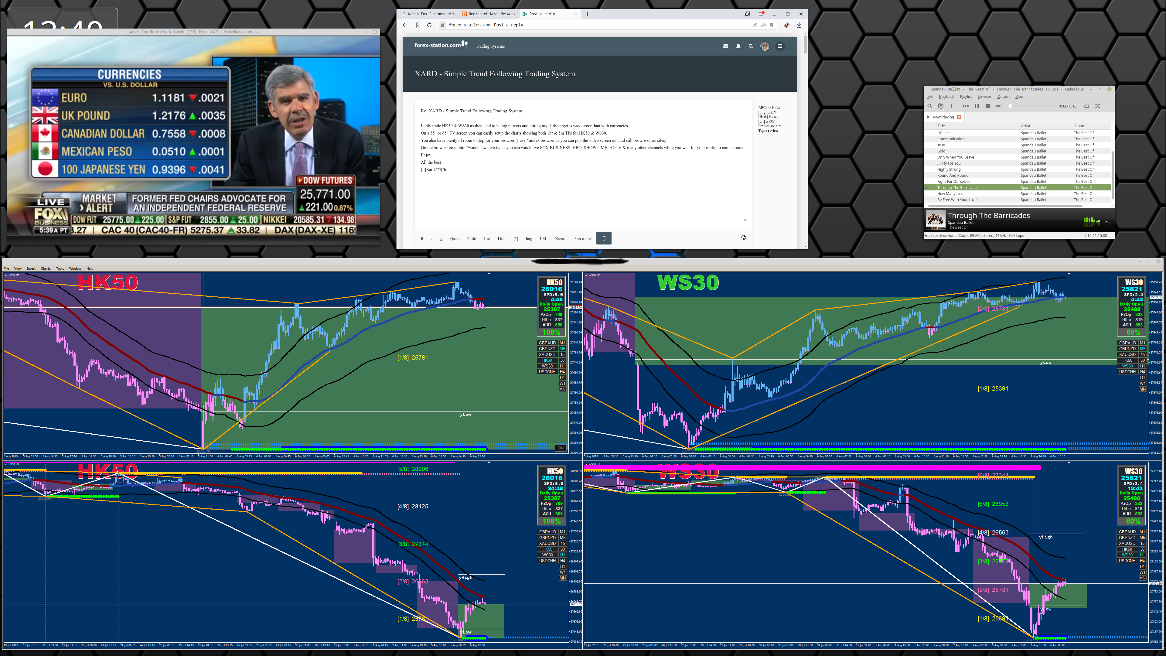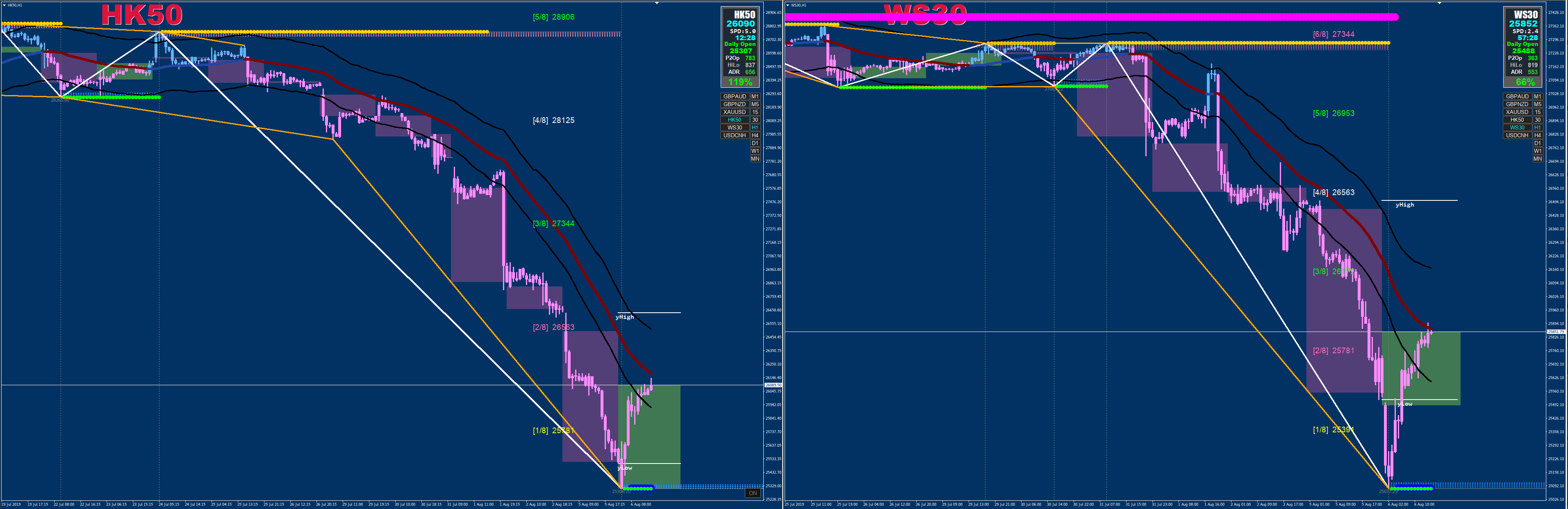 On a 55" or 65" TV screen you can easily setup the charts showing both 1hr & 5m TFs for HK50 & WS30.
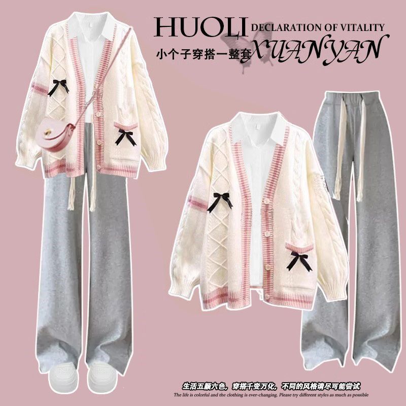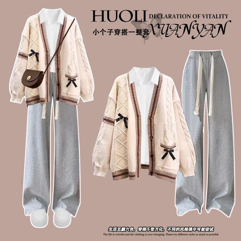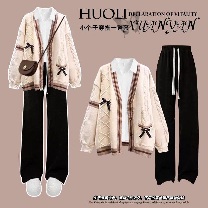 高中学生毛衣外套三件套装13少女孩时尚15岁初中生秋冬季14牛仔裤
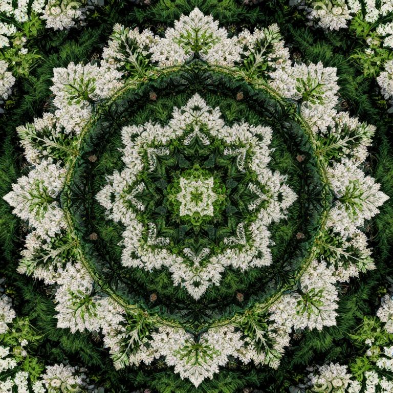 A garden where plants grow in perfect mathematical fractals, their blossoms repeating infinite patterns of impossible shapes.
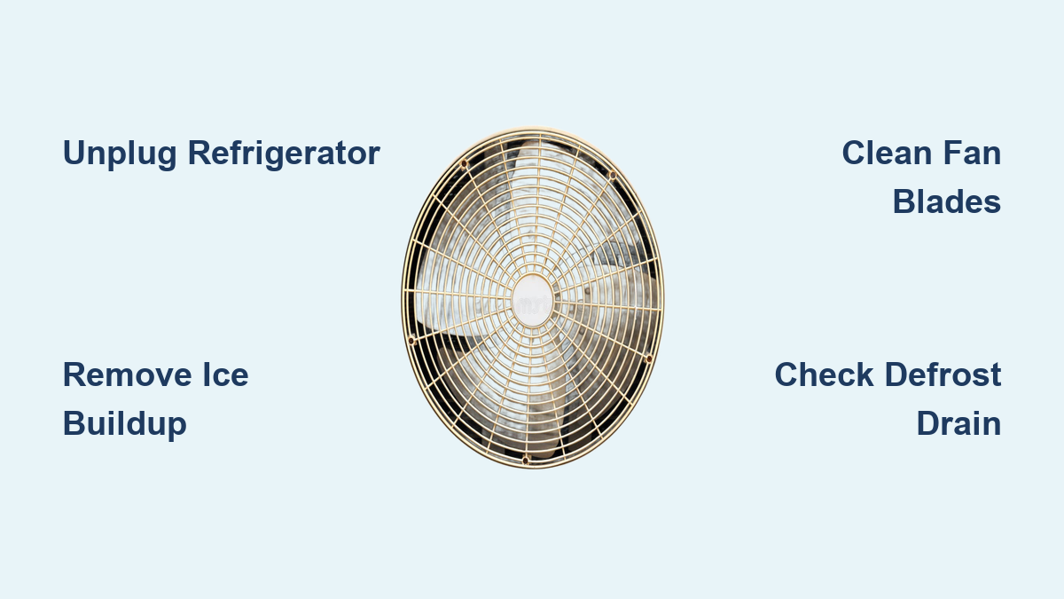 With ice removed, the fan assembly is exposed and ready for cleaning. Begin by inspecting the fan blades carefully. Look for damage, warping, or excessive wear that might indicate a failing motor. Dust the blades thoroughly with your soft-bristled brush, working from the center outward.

What you have to do |
Output the data above exactly; pictures do not belong in the copy.

Your solution |
 On a 55" or 65" TV screen you can easily setup the charts showing both 1hr & 5m TFs for HK50 & WS30.
 高中学生毛衣外套三件套装13少女孩时尚15岁初中生秋冬季14牛仔裤
 A garden where plants grow in perfect mathematical fractals, their blossoms repeating infinite patterns of impossible shapes.
 With ice removed, the fan assembly is exposed and ready for cleaning. Begin by inspecting the fan blades carefully. Look for damage, warping, or excessive wear that might indicate a failing motor. Dust the blades thoroughly with your soft-bristled brush, working from the center outward.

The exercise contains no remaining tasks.